## ASSIGNMENT
Apart from the images, reproduce all of the data word for word.

## DATA PROVIDED
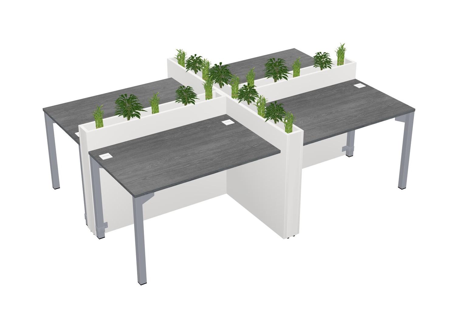 Grey Rectangular Shared Office Desk For 4 Persons Let Nature Help Flourish Your Productivity The Base Comes With An Adjustable Shelf To Provide Space For Pots (Pots & Plants Sold Separately)
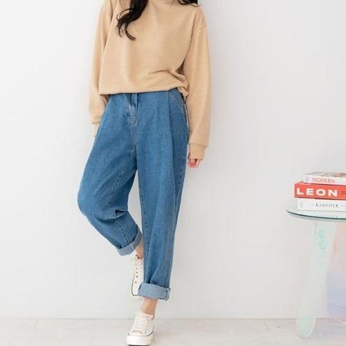[엄지척]여자 중청 핀턱 오버핏 뒷밴딩 배기 데님 롤업 청바지_19943437_667501
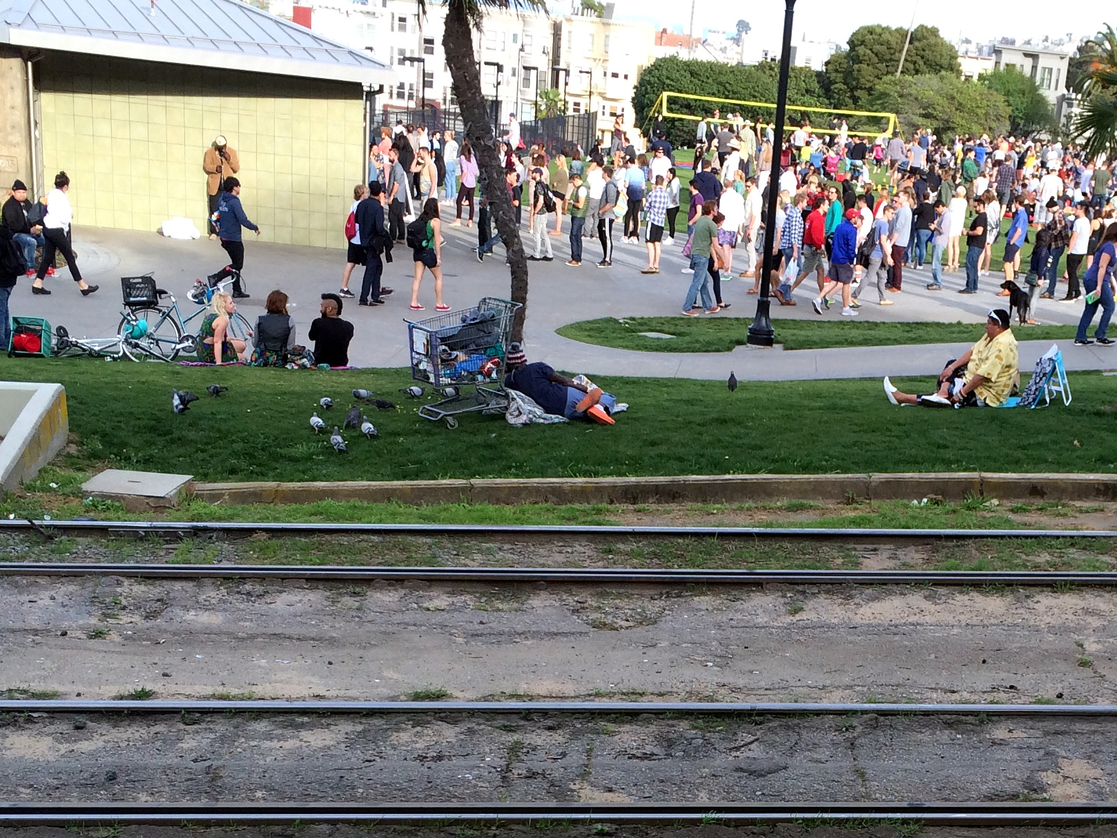 Allerdings scheint der Stadt mitten im Projekt das Geld ausgegangen zu sein, denn das Pissoir im Dolores Park besteht nur aus einem halbrunden Drahtzaun mit einer weißen Sichtplane und ist nach hinten zum Bürgersteig und zur Straße hin völlig offen. Lustig ist auch, dass die J-Straßenbahn ihre Haltestelle direkt vor dem Pissoir hat. Da haben die Planer das Wort "öffentlich" einmal ganz wörtlich genommen. Hätte vielleicht doch einmal jemand nach Paris fahren sollen, um sich inspirierenzu lassen, schließlich hat das San-Francisco-Modell satte $15.000 gekostet.

## ANSWER TO THIS EXERCISE
 Grey Rectangular Shared Office Desk For 4 Persons Let Nature Help Flourish Your Productivity The Base Comes With An Adjustable Shelf To Provide Space For Pots (Pots & Plants Sold Separately)
[엄지척]여자 중청 핀턱 오버핏 뒷밴딩 배기 데님 롤업 청바지_19943437_667501
 Allerdings scheint der Stadt mitten im Projekt das Geld ausgegangen zu sein, denn das Pissoir im Dolores Park besteht nur aus einem halbrunden Drahtzaun mit einer weißen Sichtplane und ist nach hinten zum Bürgersteig und zur Straße hin völlig offen. Lustig ist auch, dass die J-Straßenbahn ihre Haltestelle direkt vor dem Pissoir hat. Da haben die Planer das Wort "öffentlich" einmal ganz wörtlich genommen. Hätte vielleicht doch einmal jemand nach Paris fahren sollen, um sich inspirierenzu lassen, schließlich hat das San-Francisco-Modell satte $15.000 gekostet.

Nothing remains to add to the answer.